> Task description
Below are some records. Write out the line that contains "Das Appartement bietet" and all lines after it, exactly, but not the pictures.

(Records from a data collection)
=== Begin Enclosure ===
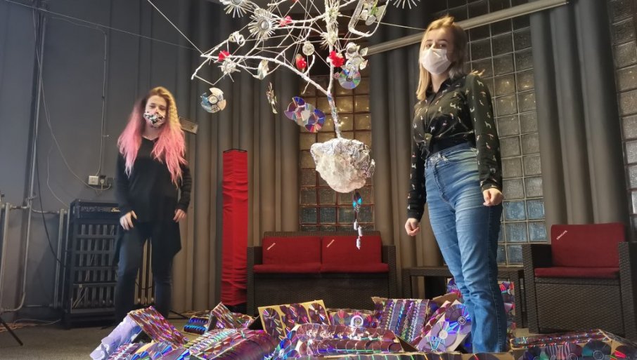 ГРАНЕ ОД КОНЗЕРВИ, ЛИШЋЕ ОД КОМАДИЋА СТАКЛА: Погледајте "Дрво живота" које су направиле две студенткиње из Крушевца (ФОТО)
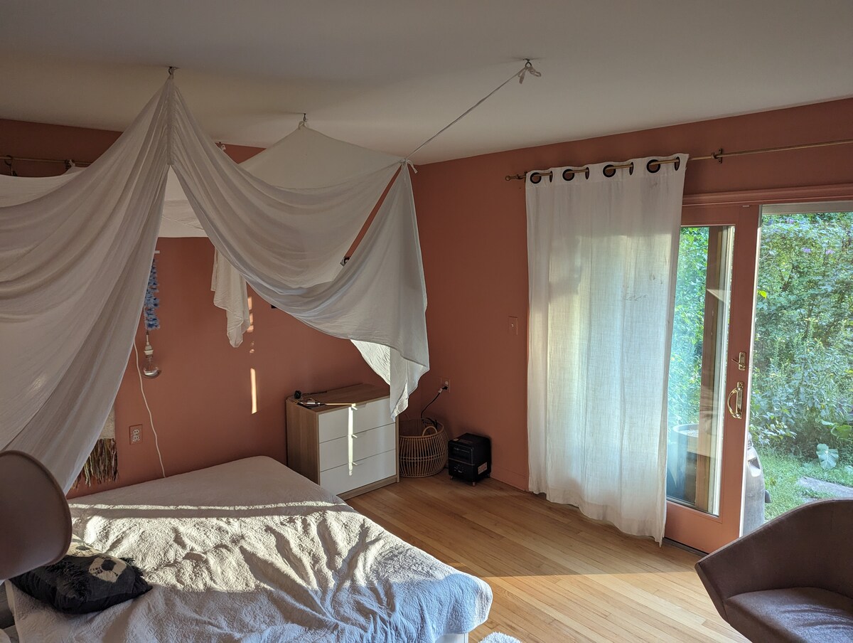 450 kv.m studija su miegamuoju ir originalia 1770 lova/vonia apačioje! Visa erdvė yra prijungta prie sodybos, tačiau turi atskirą įėjimą ir specialius skalbinius. Studija: pilna vonia, dvigulė lova, virtuvė, sofa, 65colių televizorius. Mažas miegamasis (įėjimas per studiją, žr. nuotraukas): dvigulė lova, televizorius, spinta. Šis kambarys labiausiai tinka vienam ar dviem vaikams. 1770 Miegamasis : dvigulė lova, pilna vonia, televizorius. 2 mylios pėsčiomis iki D&R kanalo. 14 min. kelio automobiliu iki Prinstono centro.
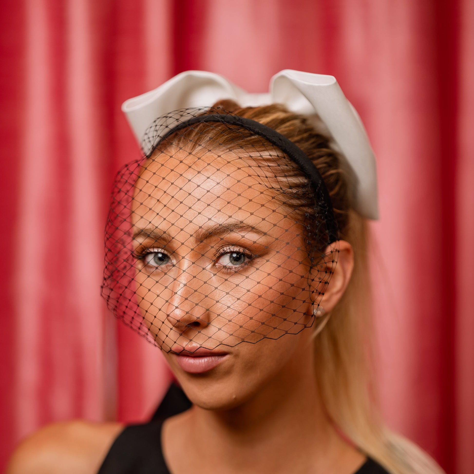 Pictured here in the 3/4 veil size. There is a matching Mikado black or white bow available to order also. Veiled headbands can be worn on their own or layered under a Velvet Hammer Embellished Headband
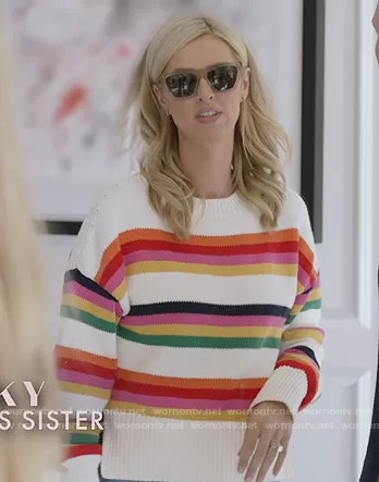 Nicky Hilton Rothschild on Paris in Love on Peacock was spotted wearing this white rainbow stripe sweater on Paris in Love on episode 'Serendipity and Secrets' (1x07) in Jan 2022. Nicky's Sweater is the Striped cotton sweater by Oscar de la Renta.
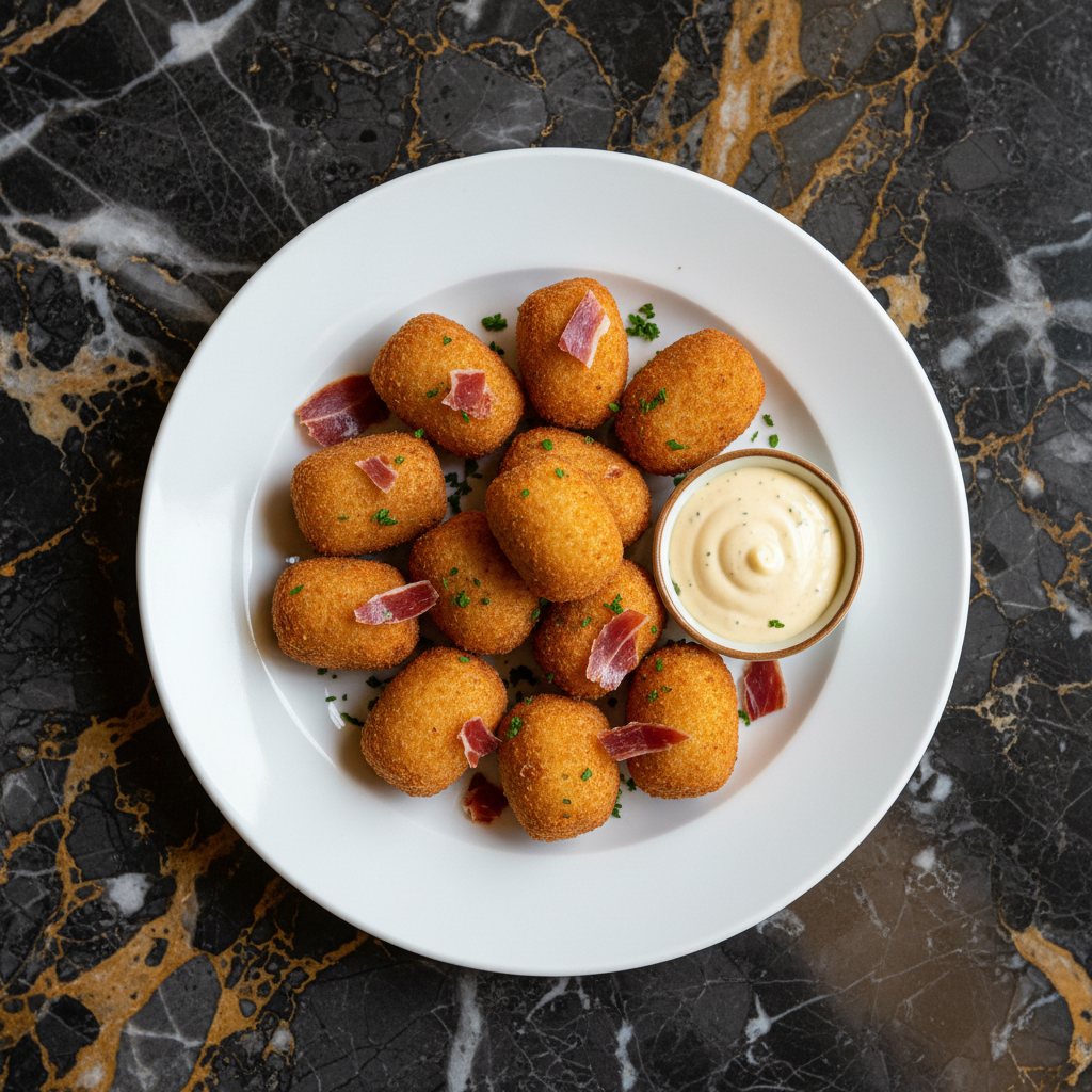 Authentic Spanish ham croquettes featuring a rich, creamy bรฉchamel sauce infused with finely diced Jamรณn Serrano, coated in crispy breadcrumbs, and fried to a perfect golden brown. A quintessential Spanish tapa.
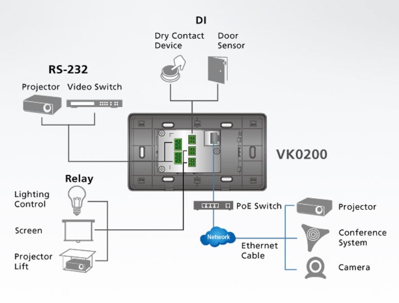 Устройство VK0200, представляет собой полностью настраиваемую 12-кнопочную панель управления, которая в качестве единого решения, объединяет в себе контроллер системы и блок клавиш (клавиатуру). VK0200 является решением, готовым к использованию и предназначенным для управления конференц-залом или учебной аудиторией малого/среднего размера. Он позволяет легко подключать устройства, а затем выполнить настройку с помощью интуитивно понятного программного конфигуратора VK6000. Для удовлетворения требований большей части возможностей применения, как функции кнопок, так и их расположение могут быть гибко настроены.
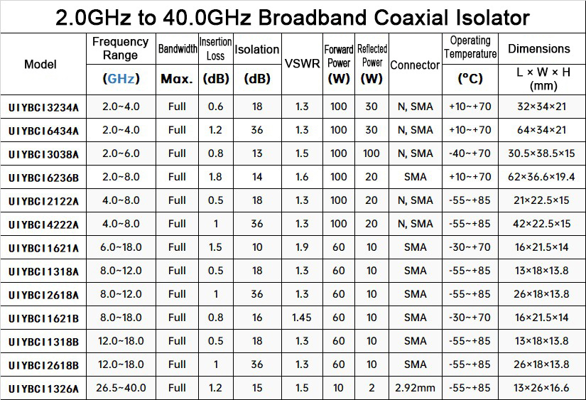 UIYBCI3234A 2.0-4.0GHz Broadband Coaxial Isolator RF Broadband Isolator (with SMA-F Connector)
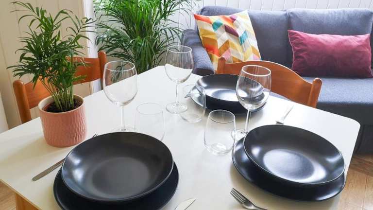 Das Appartement bietet ein Schlafzimmer, eine voll ausgestattete Küche mit Kühlschrank und Geschirrspüler, einen Flachbild-TV, einen Sitzbereich sowie ein Badezimmer mit Dusche.
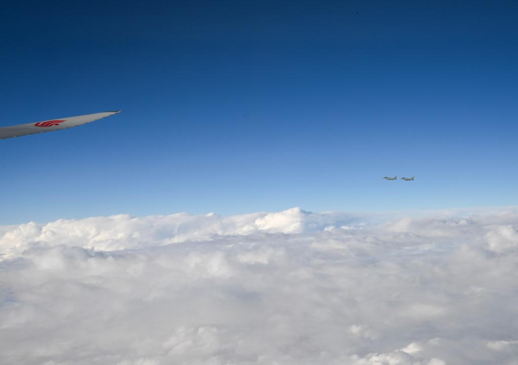 This photo taken on Dec. 7, 2022 shows fighter jets from the Royal Saudi Air Force escorting Chinese President Xi Jinping's plane after it enters Saudi airspace. (Xinhua/Xie Huanchi)
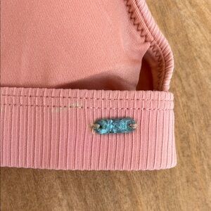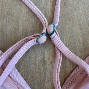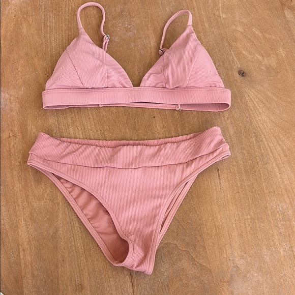 Stylish pink ribbed bikini set. Perfect for beach days. Minor rust around the straps. See pictures for details Barely worn
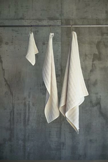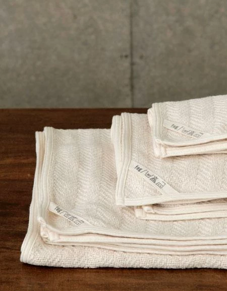 Super-soft and absorbent cotton bath towels woven in a herringbone pattern.
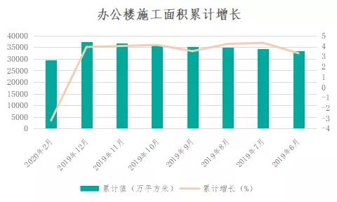在供应方面,受到新冠疫情影响,商办物业建筑企业无法正常复工,项目进度迟缓,商办物业施工面积减少。据国家统计局数据显示,1-2月全国办公楼施工面积累计值出现下降,累计增长为-3.2%,首次出现负数增长。
=== End Enclosure ===
> Answer for this exercise
 Das Appartement bietet ein Schlafzimmer, eine voll ausgestattete Küche mit Kühlschrank und Geschirrspüler, einen Flachbild-TV, einen Sitzbereich sowie ein Badezimmer mit Dusche.
 This photo taken on Dec. 7, 2022 shows fighter jets from the Royal Saudi Air Force escorting Chinese President Xi Jinping's plane after it enters Saudi airspace. (Xinhua/Xie Huanchi)
 Stylish pink ribbed bikini set. Perfect for beach days. Minor rust around the straps. See pictures for details Barely worn
 Super-soft and absorbent cotton bath towels woven in a herringbone pattern.
在供应方面,受到新冠疫情影响,商办物业建筑企业无法正常复工,项目进度迟缓,商办物业施工面积减少。据国家统计局数据显示,1-2月全国办公楼施工面积累计值出现下降,累计增长为-3.2%,首次出现负数增长。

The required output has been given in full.